** DATA FOR THIS TASK follows **

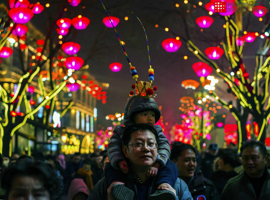 2019年2于19日拍攝于陜西西安市大唐不夜城。春節(jié)期間,西安市大唐不夜城的花燈吸引著市民前來觀賞。[攝影:馮長榮]
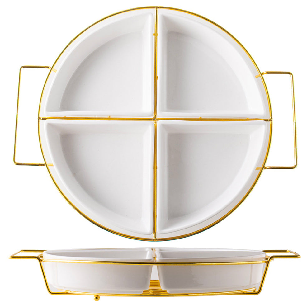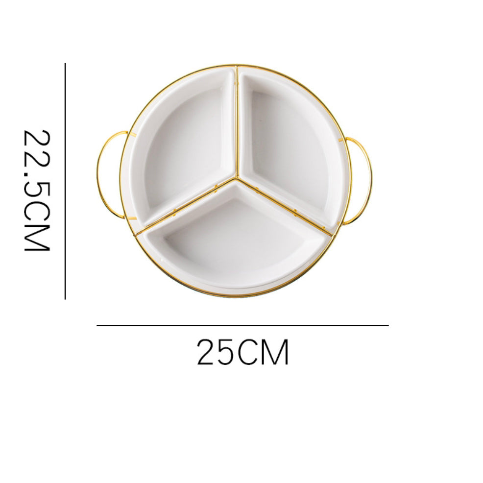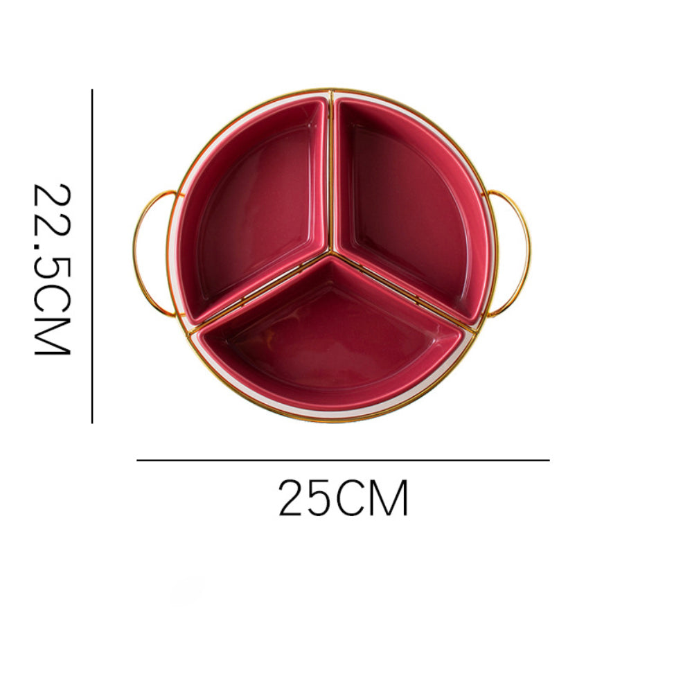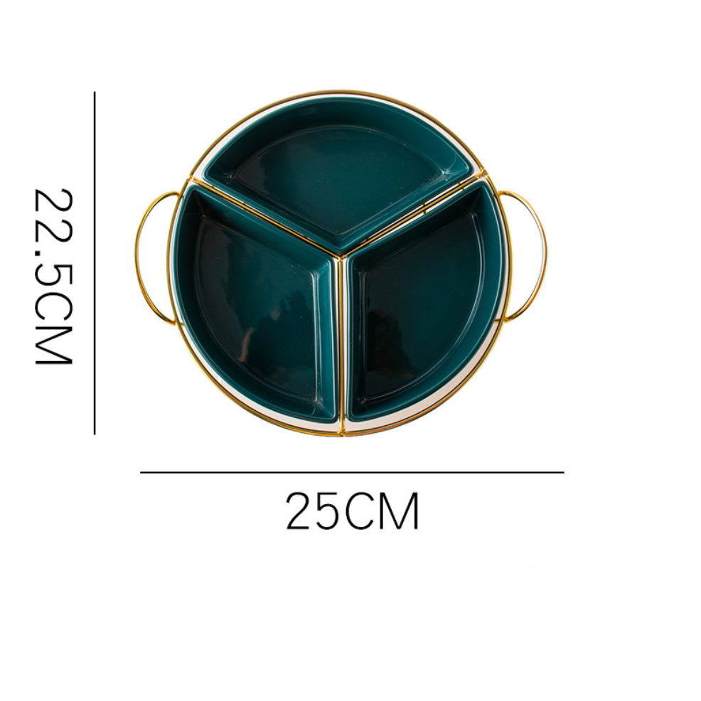 Dry fruits bowl platter that has a golden metal frame and comes in colour variants. The bowls look like a sectioned plated when placed in the metal frame that can also be used to serve candies and munchies to guests. The frame of the dry fruit serving bowl has handles that makes it easier to serve and makes the dry fruit tray look organised. Only the bowls can be placed in the microwave oven and dishwasher. Nestip: The sectioned bowl platter can be used to serve chips and dips
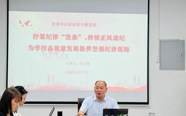 2024年5月23日下午,经济与管理学院党委书记刘元锋在学院5楼会议室为教师第二支部全体党员教师讲授了一场题为“拧紧纪律‘发条’,持续正风肃纪,为学校高质量发展提供坚强纪律保障”的专题党课。本次党课从学党纪、知党纪、明党纪、守党纪四个方面进行了深入阐述和学习。
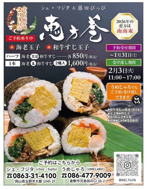 2026年2月3日(火)と4日(水)に倉敷市茶屋町で恵方巻きの販売を行います。
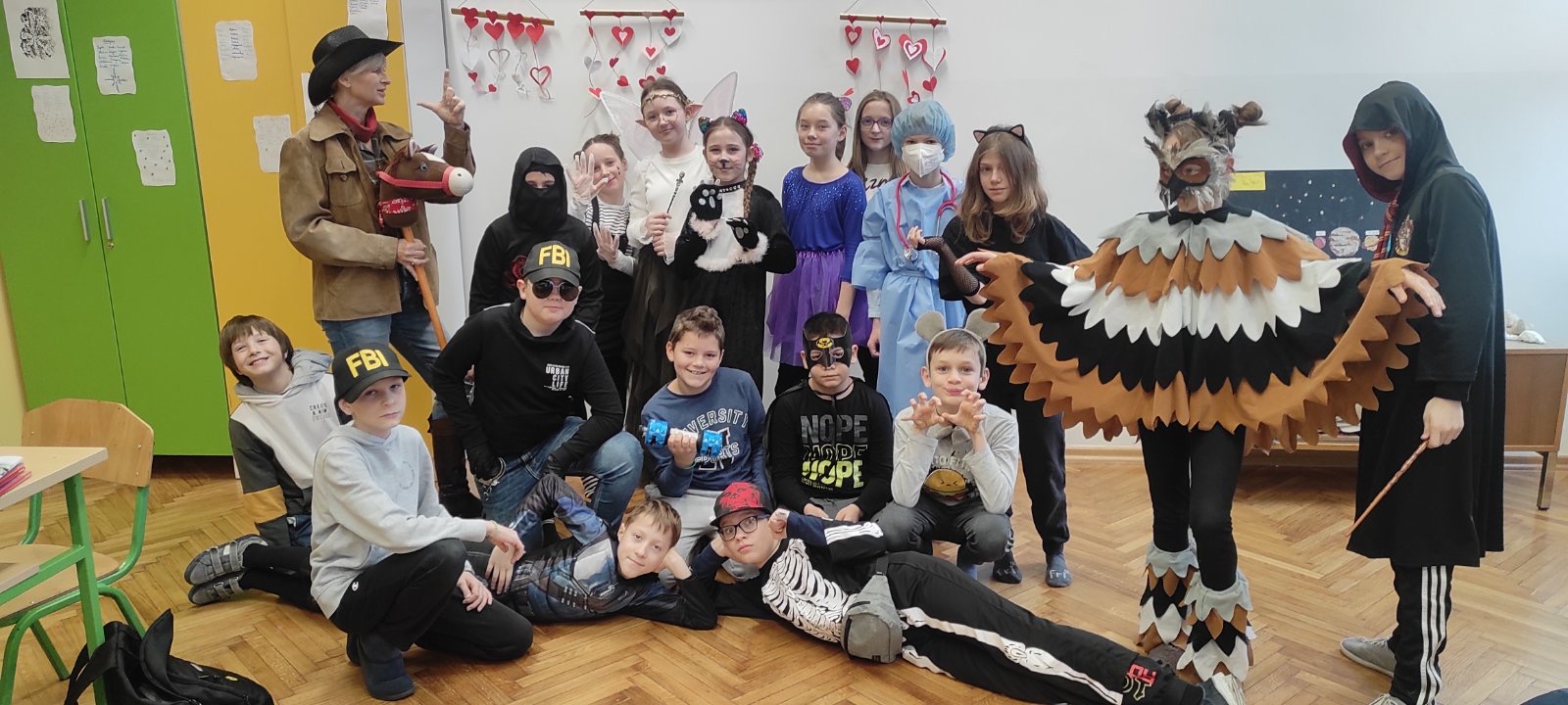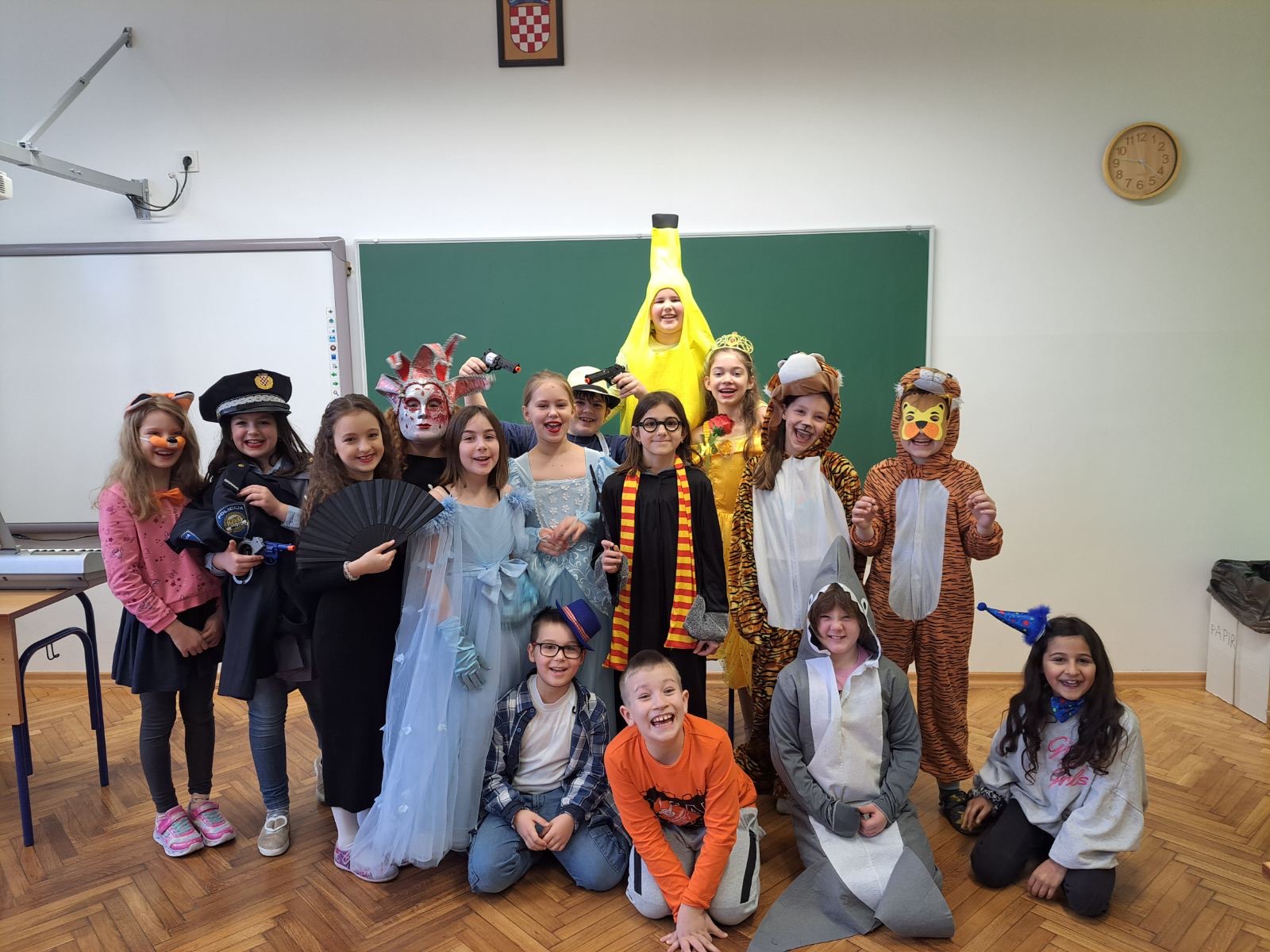 U utorak, 13.2. 2024. školom su zavladale vesele maske čarobnjaka, šumskih vila, klaunova, gusara, kauboja i svakakvih maštovitih likova. Vesele maškare zaplesale su pod šarenim maskama i dobro se zabavile u maskenbalskim igrama koje su za njih pripremile učiteljice razredne nastave.

** End of DATA FOR THIS TASK **

Could you set down the data exactly as given, minus its pictures?

**ANSWER TO THIS EXERCISE**
 2019年2于19日拍攝于陜西西安市大唐不夜城。春節(jié)期間,西安市大唐不夜城的花燈吸引著市民前來觀賞。[攝影:馮長榮]
 Dry fruits bowl platter that has a golden metal frame and comes in colour variants. The bowls look like a sectioned plated when placed in the metal frame that can also be used to serve candies and munchies to guests. The frame of the dry fruit serving bowl has handles that makes it easier to serve and makes the dry fruit tray look organised. Only the bowls can be placed in the microwave oven and dishwasher. Nestip: The sectioned bowl platter can be used to serve chips and dips
 2024年5月23日下午,经济与管理学院党委书记刘元锋在学院5楼会议室为教师第二支部全体党员教师讲授了一场题为“拧紧纪律‘发条’,持续正风肃纪,为学校高质量发展提供坚强纪律保障”的专题党课。本次党课从学党纪、知党纪、明党纪、守党纪四个方面进行了深入阐述和学习。
 2026年2月3日(火)と4日(水)に倉敷市茶屋町で恵方巻きの販売を行います。
 U utorak, 13.2. 2024. školom su zavladale vesele maske čarobnjaka, šumskih vila, klaunova, gusara, kauboja i svakakvih maštovitih likova. Vesele maškare zaplesale su pod šarenim maskama i dobro se zabavile u maskenbalskim igrama koje su za njih pripremile učiteljice razredne nastave.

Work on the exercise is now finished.